Breaking the Quadrillion Determinant Barrier in Numerically Exact Configuration Interaction

Abstract: The combinatorial scaling of configuration interaction (CI) has long restricted its applicability to only the simplest molecular systems. Here, we report the first numerically exact CI calculation exceeding one quadrillion ($10^{15}$) determinants, enabled by lossless categorical compression within the small-tensor-product distributed active space (STP-DAS) framework. As a demonstration, we converged the relativistic full CI (FCI) ground state of a magnesium atom involving over $10^{15}$ complex-valued 2-spinor determinants in under 8.6 hours (time-to-completion) using 1500 nodes, representing the largest FCI calculation reported to date.

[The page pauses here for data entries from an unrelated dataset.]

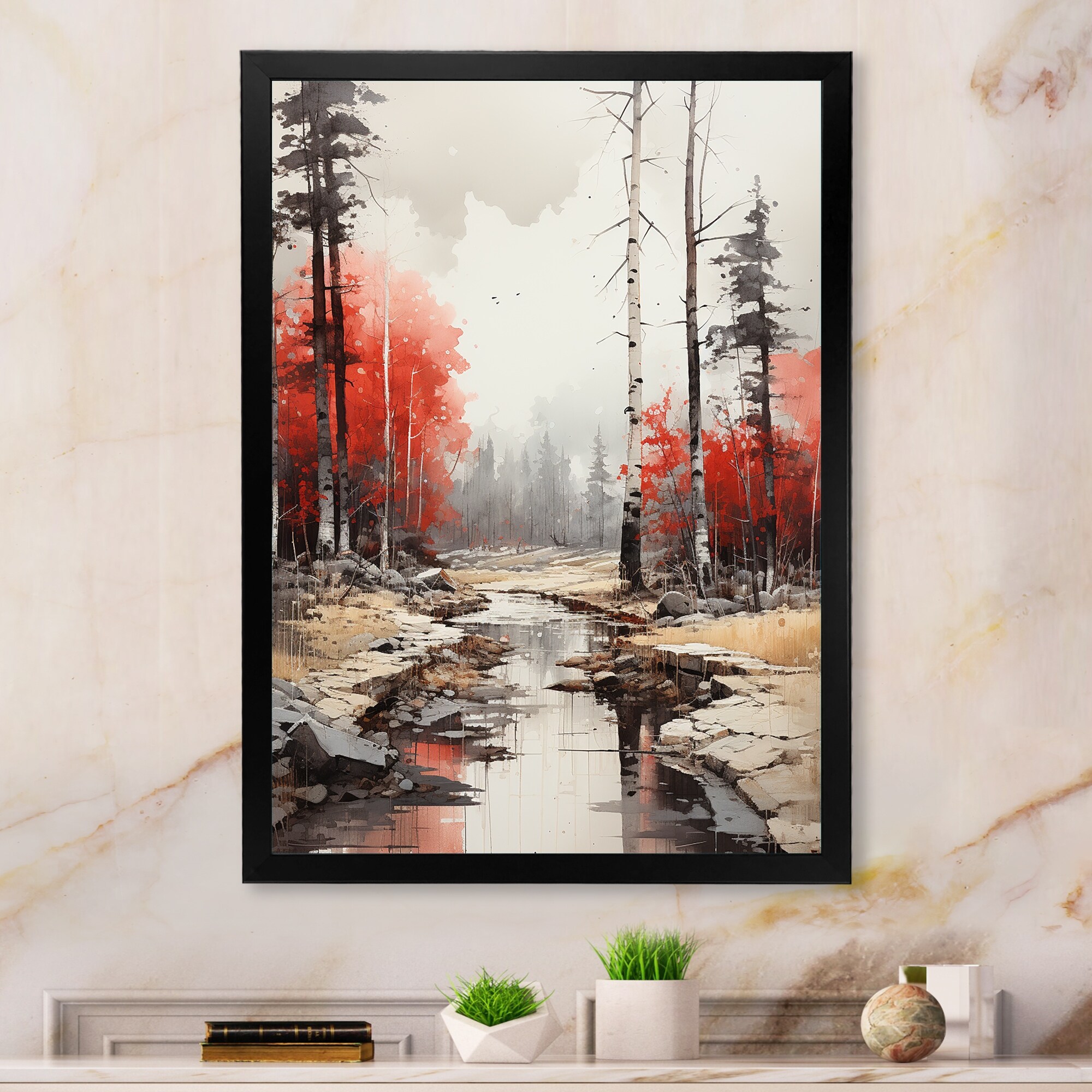 Designart "Country River Through Coral Forest" Road Framed Canvas Print
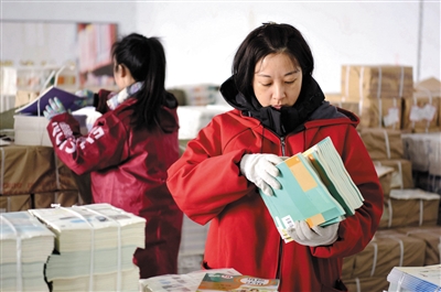2月21日,在成安县新华书店教材发行中心,工作人员在整理教材。
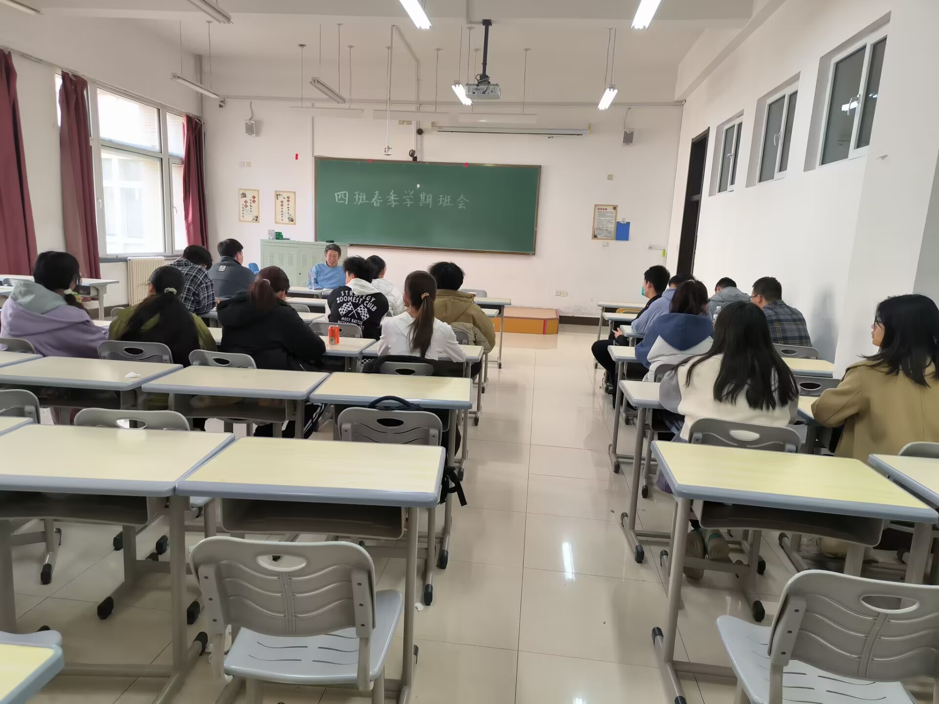 繁花似锦,绿荫如海。为了增强班级凝聚力,解决同学问题,更好地建设班级。2023年3月10日下午2时20分,太阳成tyc122cc集团252124班在班主任张大奕老师和老师的带领下,召开了以“新学期,新气象”为主题的主题班会,班主任张大奕老师、迟子芳老师和四班全体同学参加了本次班会。

Additionally, we achieved $\boldsymbol{\sigma}$-build times of just 5 minutes for systems with approximately 150 billion complex-valued 2-spinor determinants using only a few compute nodes. Extensive benchmarks confirm that the method retains numerical exactness with drastically reduced resource demands. Compared to previous state-of-the-art FCI calculations, this work represents a 3-orders-of-magnitude increase in CI space, a 6-orders-of-magnitude increase in FLOP count, and a 6-orders-of-magnitude improvement in computational speed. By introducing a lossless, categorically compressed representation of the CI expansion vectors and reformulating the $\boldsymbol{\sigma}$-build accordingly, we eliminate memory bottlenecks associated with storing excitation lists and CI vectors while significantly reducing computational cost. A compression-compatible preconditioner further enhances performance by generating compressed CI expansion vectors throughout Davidson iterations. This work establishes a new computational frontier for numerically exact CI methods, enabling chemically and physically accurate simulations of strongly correlated, spin-orbit coupled systems previously thought to be beyond reach.